Charlottesville full of smart, green thinkers

As I wrote earlier in the week, this is Design Week, and on Tuesday I popped over to the CCDC for one of the Design Week events—a lunchtime talk by Pete O’Shea and Lance Hosey. O’Shea is a partner in Siteworks, a landscape architecture firm, and Hosey was until recently a director at McDonough, and is now writing a book. They’re smart dudes. They know a lot about design. I came away feeling lucky that I live in a town where people are doing such good thinking about sustainability.
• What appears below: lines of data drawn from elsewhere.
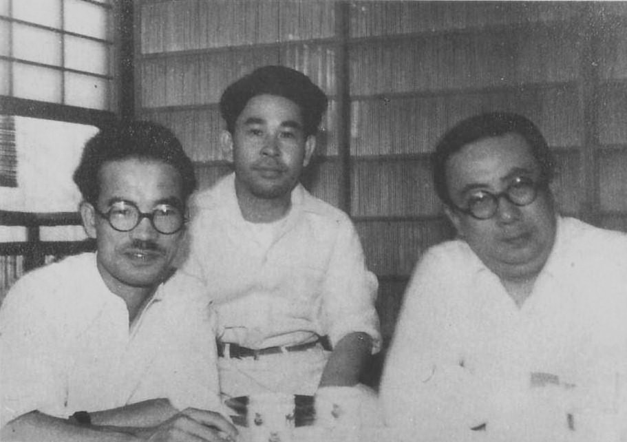 Entatsu Yokoyama (left), Minoru Akita (center), Roppa Furukawa (right).
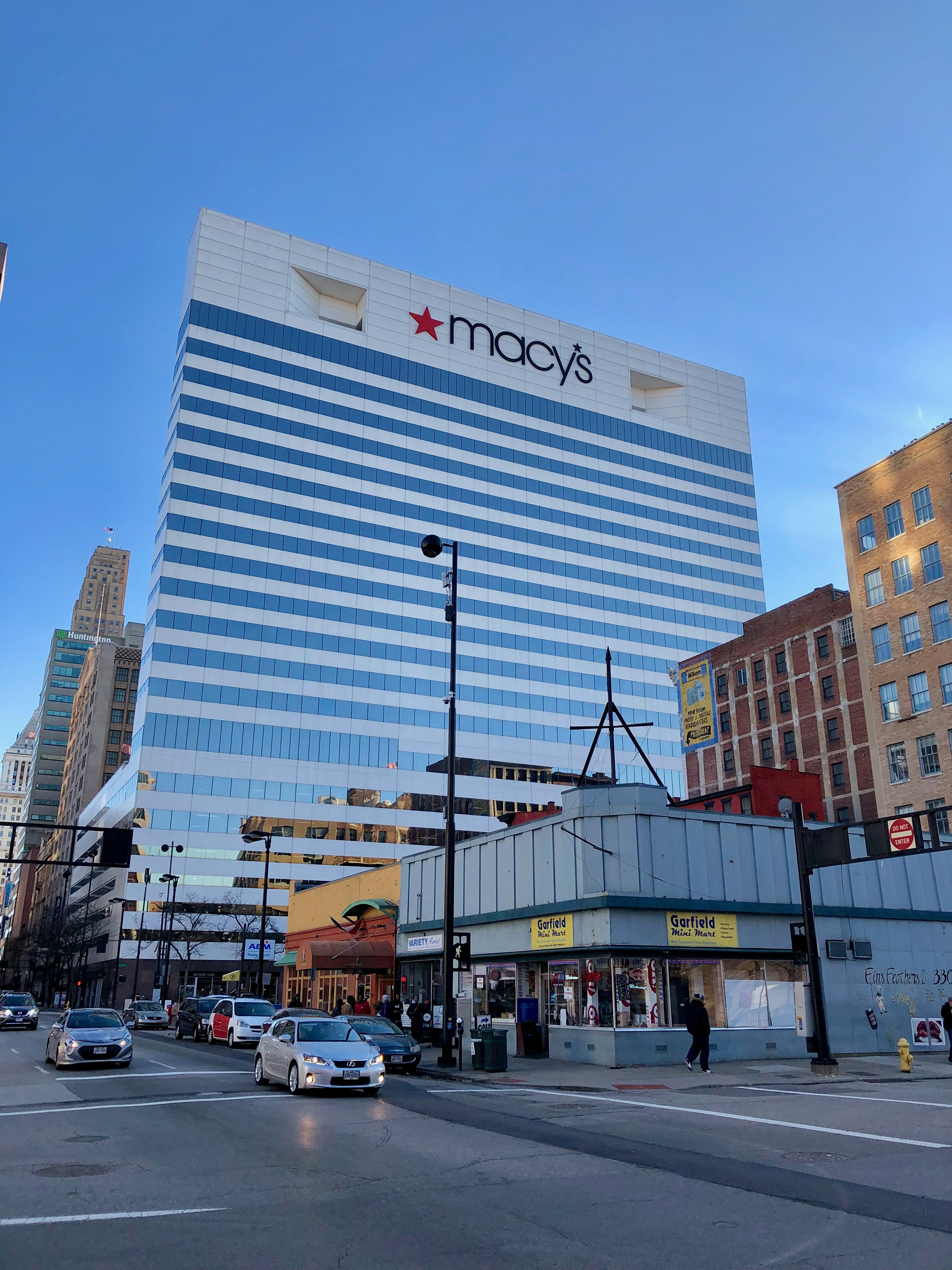 Downtown, Cincinnati, OH, USA
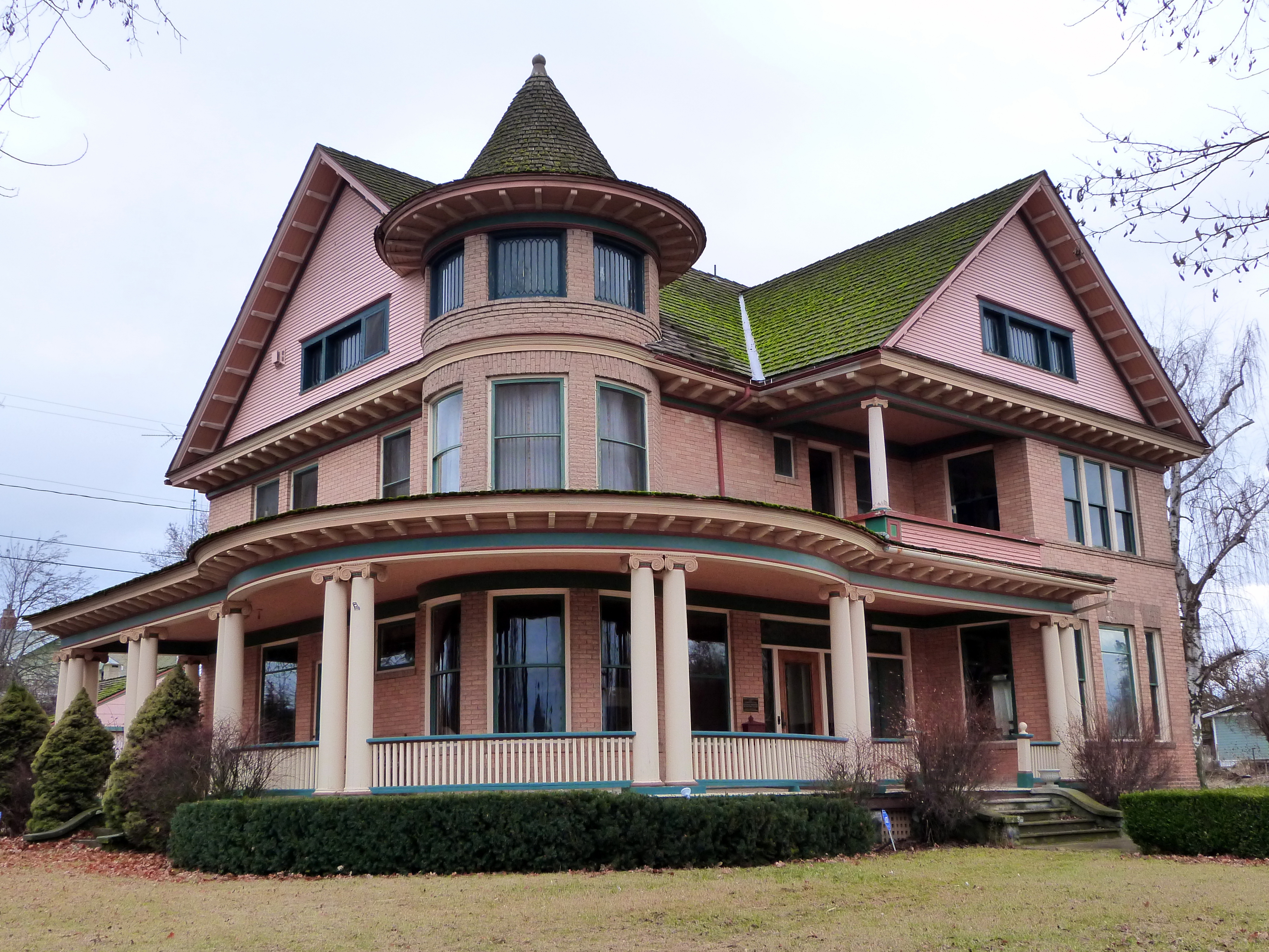 The historic Nelson H. Greene House (built 1902), located at 408 West Main Avenue in Ritzville, Washington, United States, is listed on the US National Register of Historic Places.
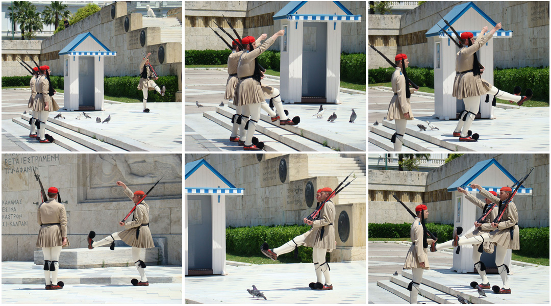 Hellenic Parliament, Athens, Greece. Evzones changing the guard in front of the Tomb of the Unknown Soldier.
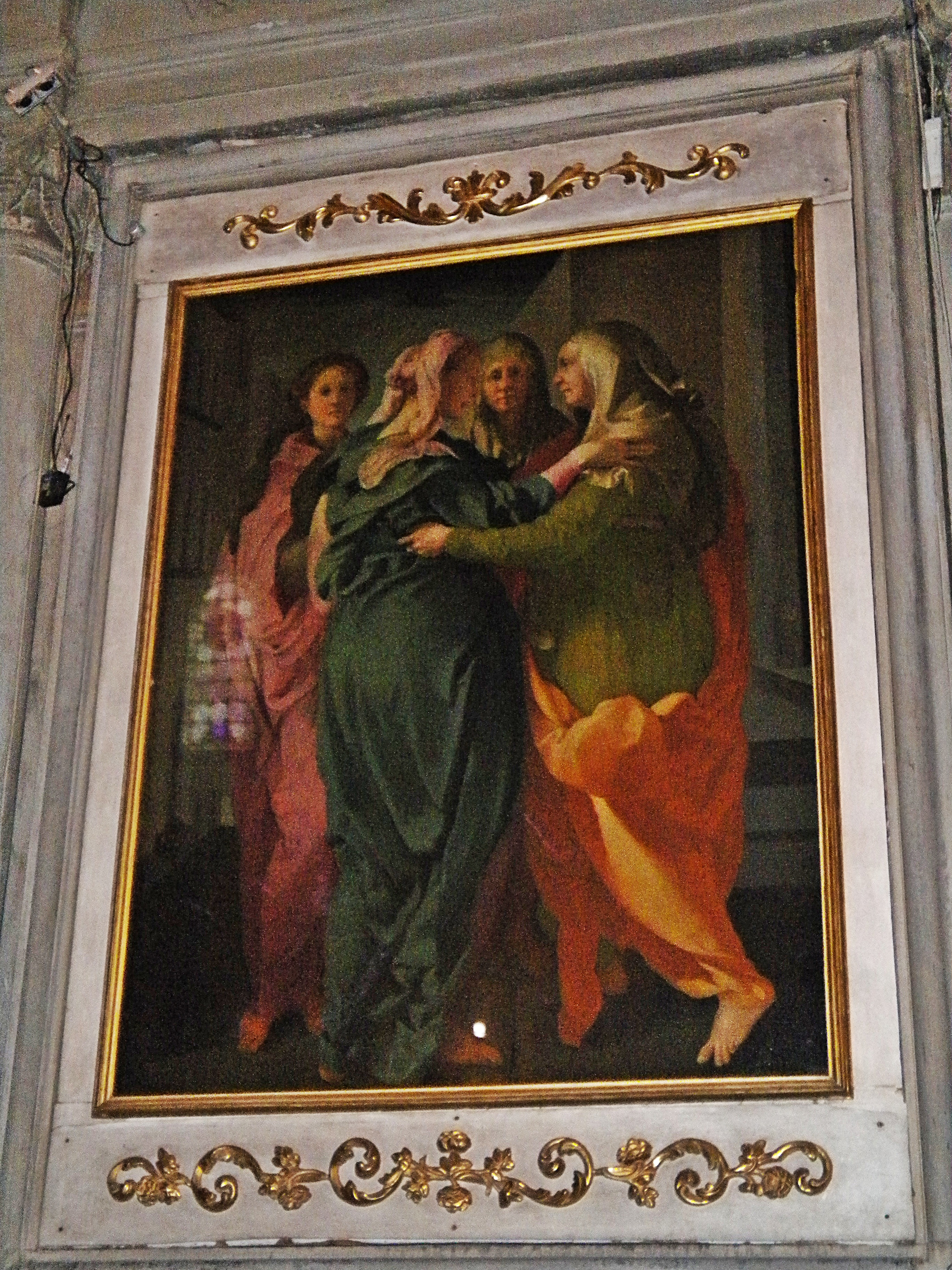 visitation autor:Jacopo Carrucci (Pontormo)
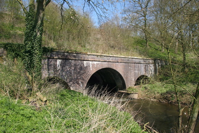 Aqueduct on the Shropshire Union Canal over the River Weaver
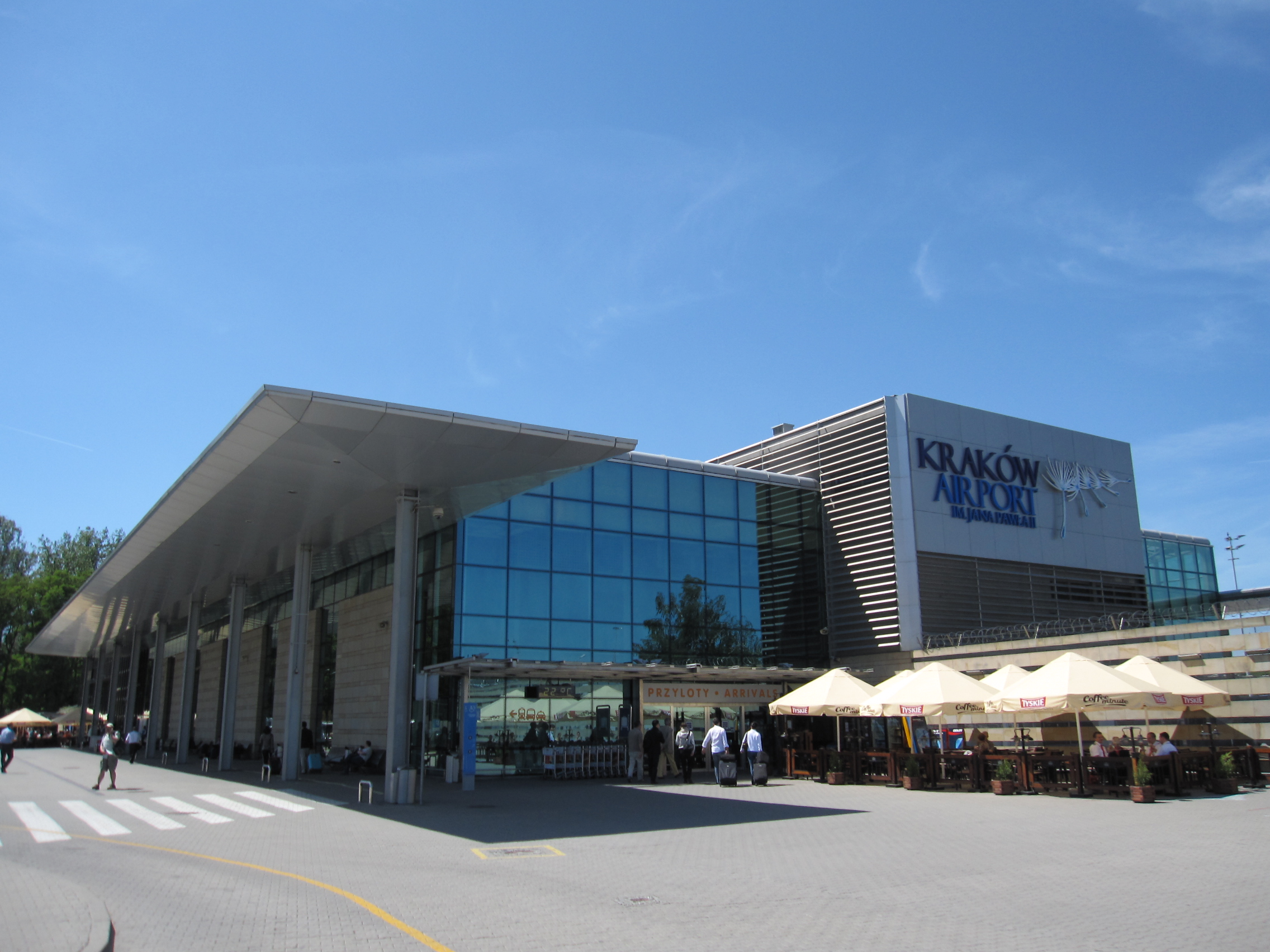 John Paul II Airport in Balice-Kraków

A few choice ideas from the talk:

1. Culture doesn’t just impact nature (streams, woods, icecaps); it also impacts the built environment. In other words, we’re not just fouling the natural environment but also the places we live and work. This is one example that Hosey brought up: a village in China whose principle business is dealing with e-waste.

2. Part of the problem with traditional architecture is that it designs buildings separately from their surroundings—as though they were hermetically sealed machines. Actually, they’re part of the surroundings, and permeable to them, since they take in resources and put out waste.

3. The idea of "restoring" nature is often irrelevant, since we don’t know what we’d actually be restoring. We can’t put Charlottesville back into a pristine wooded state. And an island in the Anacostia River near D.C., for which Hosey and O’Shea designed a nature center, is itself made by humans out of dredged material, so "restoring" it would mean erasing it. Our goal should be to balance human and ecological concerns—to recognize the compromised situation we’re in, and go forward from there in the best possible way.

4. A model of architects and landscape architects working closely together, as O’Shea and Hosey do, may hold promise in that direction.

Who’s the local green pioneer who inspires you most? Is it a farmer, a philosopher, a family who line-dries its laundry?